Some C programmers like to put the asterisk next to the type (int* ptr for int-pointer ptr), others put it with the variable name (int *ptr), because that way it's clear that the dereferenced version of ptr is an int. Use whatever notation makes sense for you!

To change the value behind a pointer, you must dereference it. For example, the following program changes the value of integer local through the pointer ptr by assigning a value to the dereferenced pointer:

void f() {
    int local = 1;
    int* ptr = &local;

    *ptr           = 42;
// |-------------|   ^
// deref'd pointer   | value we assign
//     = int         | (also a int)

    printf("value of local is now: %d\n", local);  // <== prints 42
}

Pointers are how to use the are very important in this course and in C/C++ programming in general. We'll keep coming back to these concepts. The key things to remember are: & takes the address of an object and makes a pointer, * dereferences a pointer and follows it to the value it refers to in memory. Types with an asterisk next to them are pointer types.

Exploring Data Representation In Memory

We already understand how programs are just bytes in memory, but now let's look in more detail at how data is represented in memory.

Why are we covering this?
We're now building an understanding of where the different parts of a C/C++ program (and, in fact, programs in other languages too!) are stored in memory. This will help you understand how a program obtains and manages memory, something that some programming languages (e.g., Java, OCaml, Pyret) do automatically behind your back, while others, and particularly systems programming languages like C and C++, force you as the programmer do some of this memory management. This gives you a great degree of control, and allows avoiding expensive hidden memory allocation and copying costs.

For this, we will use the program mexplore.c. This program declares and defines (recall the difference!) three variables, all of type char. char is the name for a byte type in the C language; it refers to the fact that a byte is exactly sufficient to store one character according to the ASCII standard, a way of translating numbers into characters and vice versa. Computers can only store numbers, so all characters in a computer are actually "encoded" as numbers. For example, the uppercase letter "A" in ASCII corresponds to the number 65 (see man ascii for the translation table).

What's ASCII, and do we still use it today?

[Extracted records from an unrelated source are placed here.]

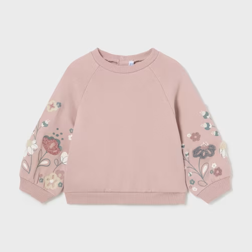 - felpa con stampe e ricami applicati alle maniche in colori a contrasto, chiusura con clips sul retro;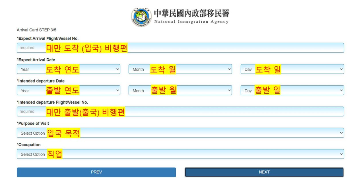 - 출발/도착 날짜. 항공기 편, 입국 목적과 직업을 작성해요.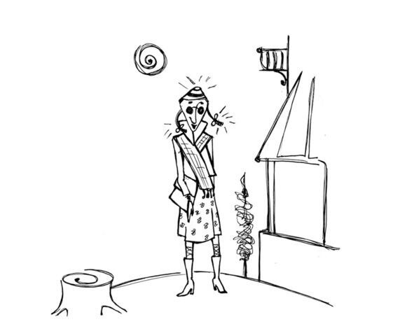 в сумочке очечник, у ног ее скворечник.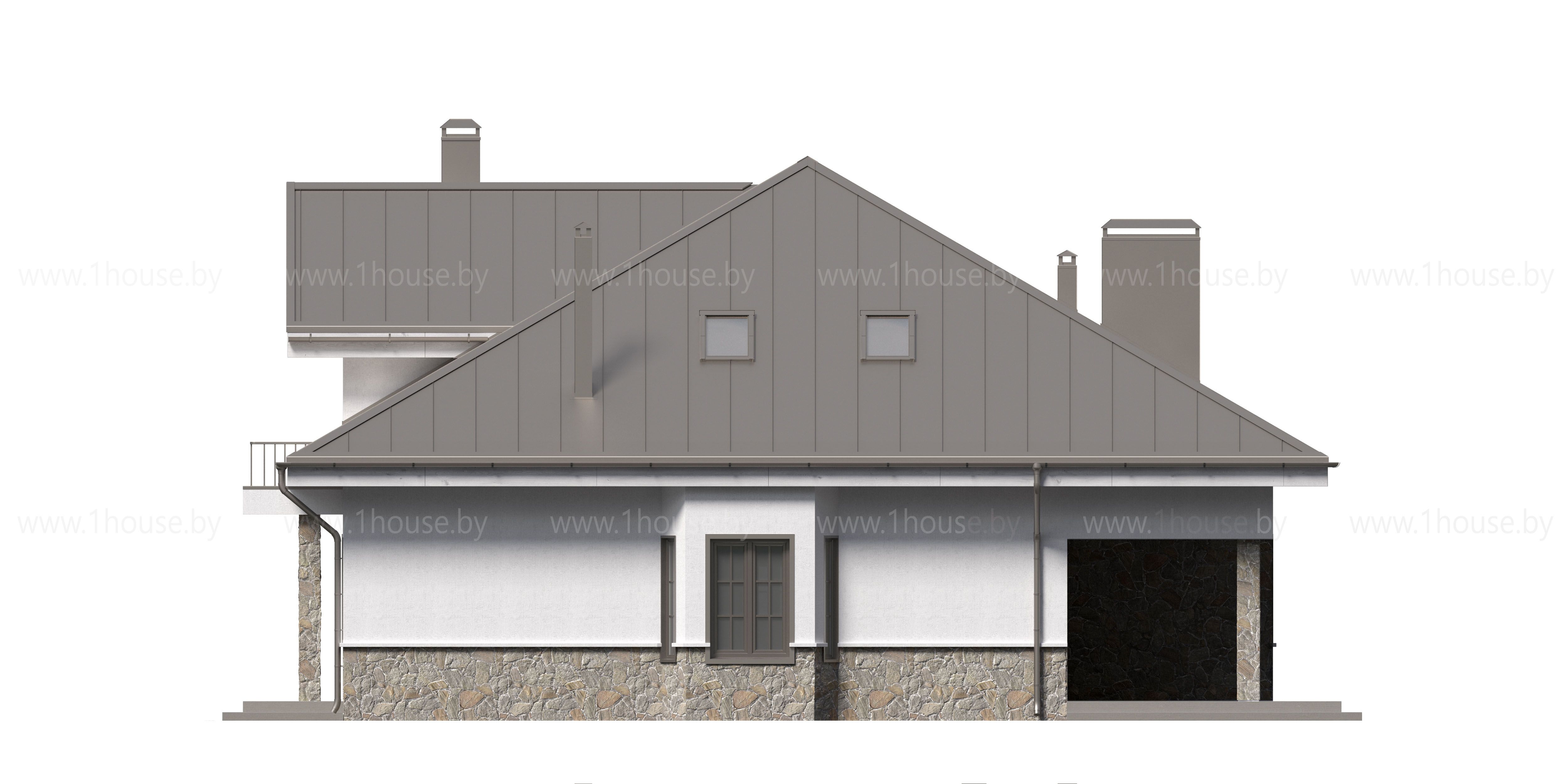 Высота до чистового потолка в наших проектах равна 2,8 метра на 1-ом этаже и 2,7 метра на 2-ом этаже. Если нужна высота потолка больше, то можно поднять крышу без ущерба архитектуре на 1 блок (200-250мм).
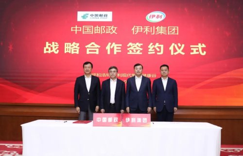 4月15日,中国邮政集团有限公司与伊利集团在内蒙古呼和浩特签署战略合作协议。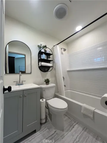 This unit offers 1 private bedroom big enough for a king-size bed and a spacious walk-in closet. It has a beautiful full bathroom and a kitchenette that opens to a small living room with vaulted ceilings, recessed lighting, and lots of natural light.

In the early days of computers, every computer had its own way of encoding letters as numbers. ASCII, the American Standard Code for Information Interchange, was defined in the 1960s to find a common way of representing text. Original ASCII uses 7 bits, and can therefore represent 128 distinct characters – enough for the alphabet, numbers, and some funky special characters (e.g., newlines (\n), the NUL character (\0), and "bell" character that made typewriter bells go off).
But even 256 characters aren't sufficient to support languages that use non-Latin alphabets, and certainly not for advanced emoji. So, while all of today's computers still support ASCII, we've mostly moved on to a new standard, Unicode, which supports 1.1 million characters using one to four bytes per character. Fun fact: to be backwards compatible, Unicode is defined such that the original ASCII character encodings remain valid Unicode letters.

What's the difference between these three char variables? Let's take a look. The first one, global_ch is defined in what we call global scope: it's at the top level of the file, not inside a function or inside the curly braces ({ }) that C and C++ use to delineate scopes in the program. This variable can be referred to from anywhere in the entire program.

The second variable, const_global_ch is also a global variable, but the const keyword indicates that it is constant and the compiler and OS should not allow modifications to it.

Finally, our third variable is inside function f(). It's called local_ch and is a local variable. It's valid only within the scope of f() and other parts of the program (such as main) cannot refer to it.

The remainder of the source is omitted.